(Records from a collection)
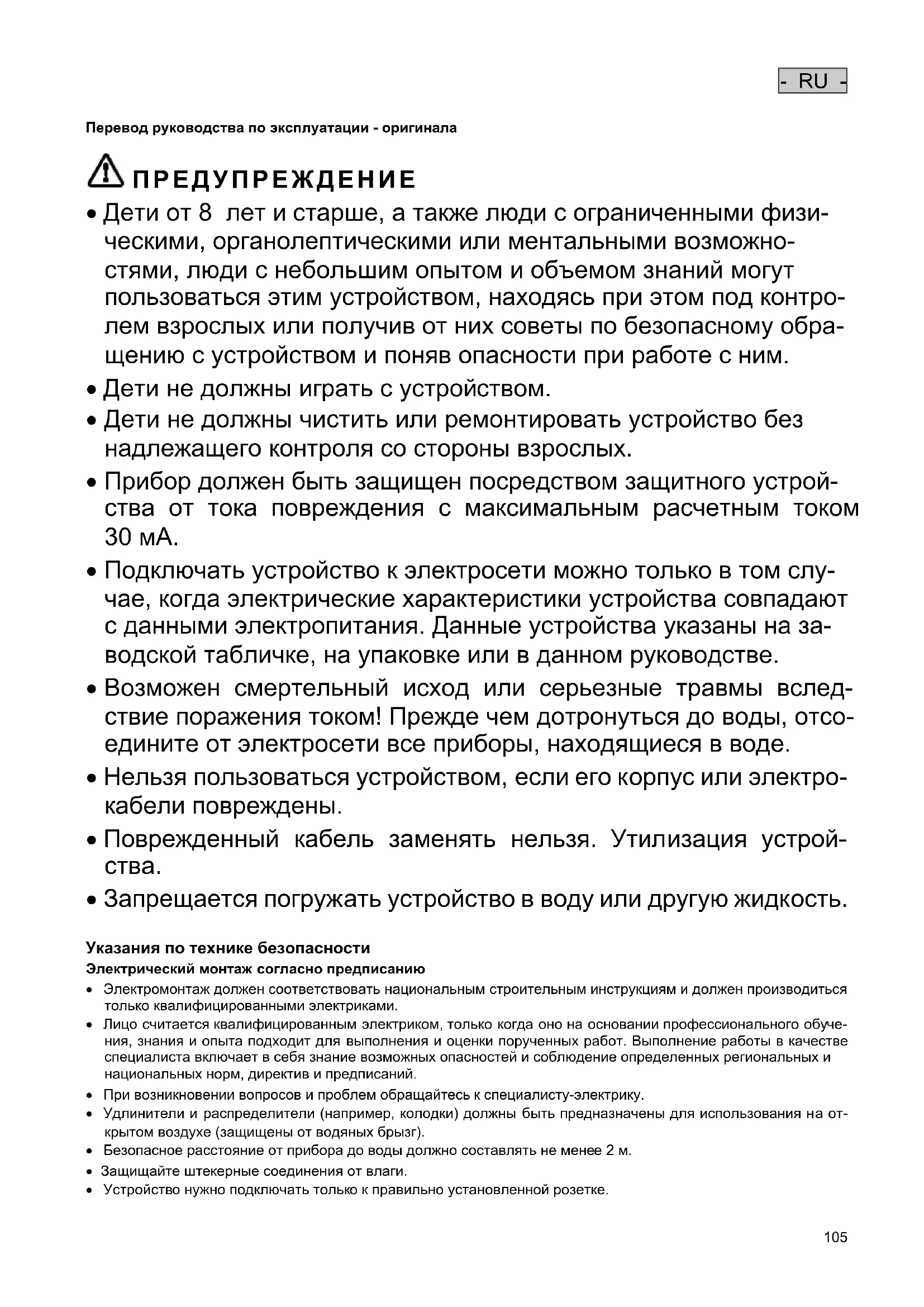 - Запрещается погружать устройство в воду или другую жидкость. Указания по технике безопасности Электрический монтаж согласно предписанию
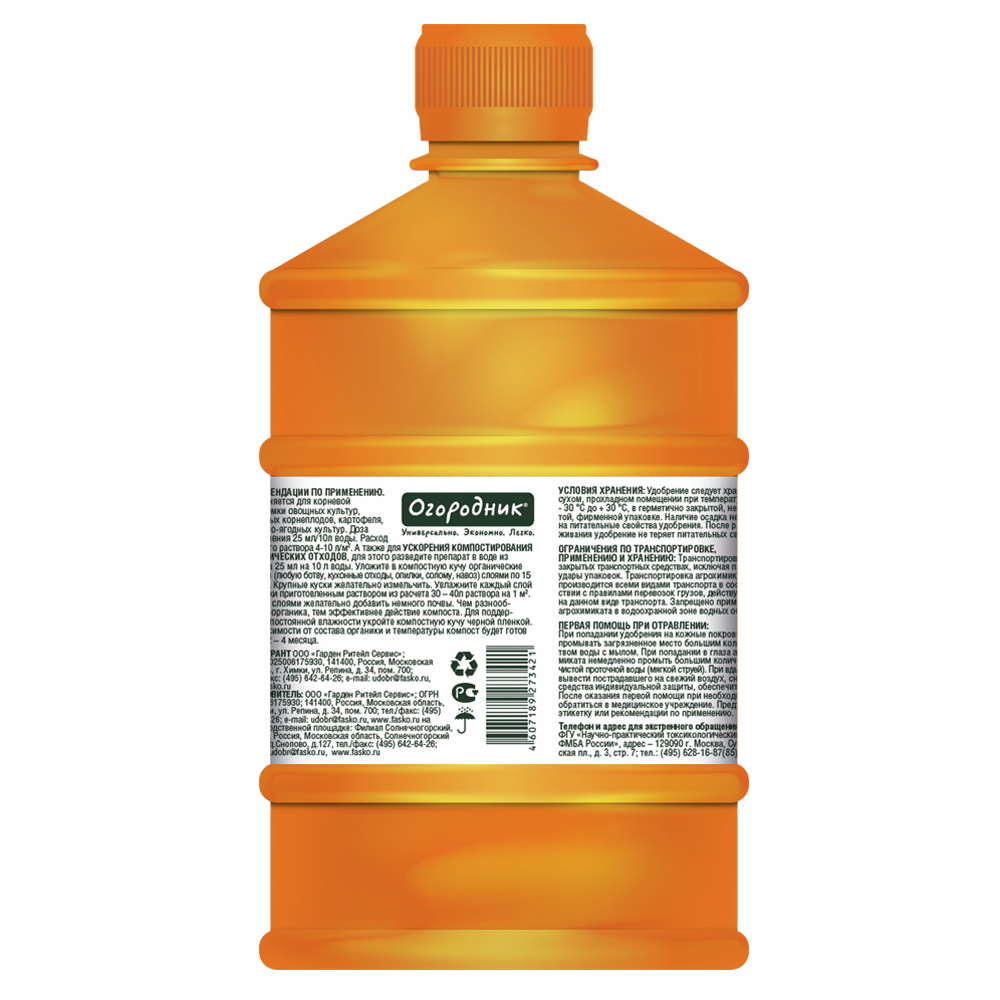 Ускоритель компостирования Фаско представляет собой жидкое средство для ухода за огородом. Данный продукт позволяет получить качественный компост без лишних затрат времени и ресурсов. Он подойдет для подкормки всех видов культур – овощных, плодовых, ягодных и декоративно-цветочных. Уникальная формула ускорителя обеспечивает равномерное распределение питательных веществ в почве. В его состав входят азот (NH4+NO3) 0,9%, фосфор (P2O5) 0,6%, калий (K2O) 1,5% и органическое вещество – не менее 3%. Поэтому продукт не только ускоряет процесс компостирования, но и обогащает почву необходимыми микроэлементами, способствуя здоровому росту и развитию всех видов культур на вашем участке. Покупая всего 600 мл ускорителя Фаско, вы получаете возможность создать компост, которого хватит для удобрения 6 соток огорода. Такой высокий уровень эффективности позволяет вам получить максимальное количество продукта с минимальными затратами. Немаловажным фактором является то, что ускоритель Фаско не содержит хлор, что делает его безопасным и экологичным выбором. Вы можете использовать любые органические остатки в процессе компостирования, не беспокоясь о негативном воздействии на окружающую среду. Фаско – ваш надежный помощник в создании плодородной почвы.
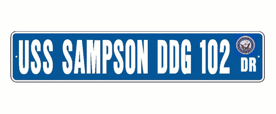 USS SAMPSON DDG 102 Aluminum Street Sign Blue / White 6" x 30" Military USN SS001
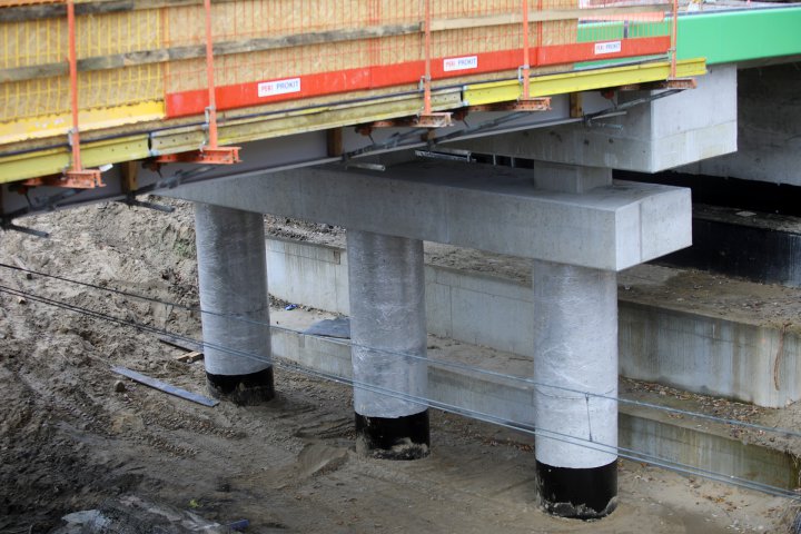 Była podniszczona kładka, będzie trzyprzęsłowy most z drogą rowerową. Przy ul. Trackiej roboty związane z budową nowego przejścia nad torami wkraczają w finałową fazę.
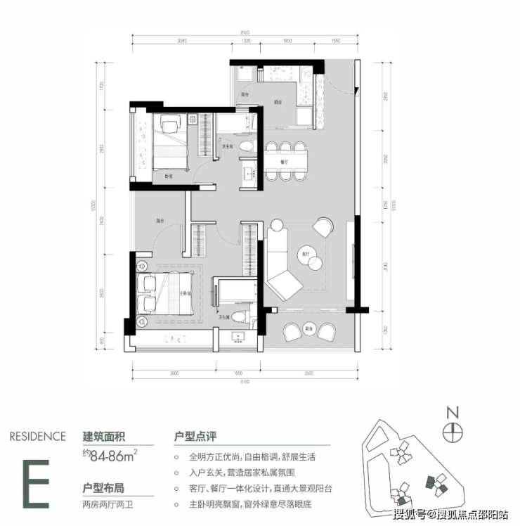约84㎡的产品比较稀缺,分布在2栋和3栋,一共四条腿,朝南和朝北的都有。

**The problem**
Each entry needs to be retyped exactly; the pictures stay out.

**Answer to this problem**
 - Запрещается погружать устройство в воду или другую жидкость. Указания по технике безопасности Электрический монтаж согласно предписанию
 Ускоритель компостирования Фаско представляет собой жидкое средство для ухода за огородом. Данный продукт позволяет получить качественный компост без лишних затрат времени и ресурсов. Он подойдет для подкормки всех видов культур – овощных, плодовых, ягодных и декоративно-цветочных. Уникальная формула ускорителя обеспечивает равномерное распределение питательных веществ в почве. В его состав входят азот (NH4+NO3) 0,9%, фосфор (P2O5) 0,6%, калий (K2O) 1,5% и органическое вещество – не менее 3%. Поэтому продукт не только ускоряет процесс компостирования, но и обогащает почву необходимыми микроэлементами, способствуя здоровому росту и развитию всех видов культур на вашем участке. Покупая всего 600 мл ускорителя Фаско, вы получаете возможность создать компост, которого хватит для удобрения 6 соток огорода. Такой высокий уровень эффективности позволяет вам получить максимальное количество продукта с минимальными затратами. Немаловажным фактором является то, что ускоритель Фаско не содержит хлор, что делает его безопасным и экологичным выбором. Вы можете использовать любые органические остатки в процессе компостирования, не беспокоясь о негативном воздействии на окружающую среду. Фаско – ваш надежный помощник в создании плодородной почвы.
 USS SAMPSON DDG 102 Aluminum Street Sign Blue / White 6" x 30" Military USN SS001
 Była podniszczona kładka, będzie trzyprzęsłowy most z drogą rowerową. Przy ul. Trackiej roboty związane z budową nowego przejścia nad torami wkraczają w finałową fazę.
约84㎡的产品比较稀缺,分布在2栋和3栋,一共四条腿,朝南和朝北的都有。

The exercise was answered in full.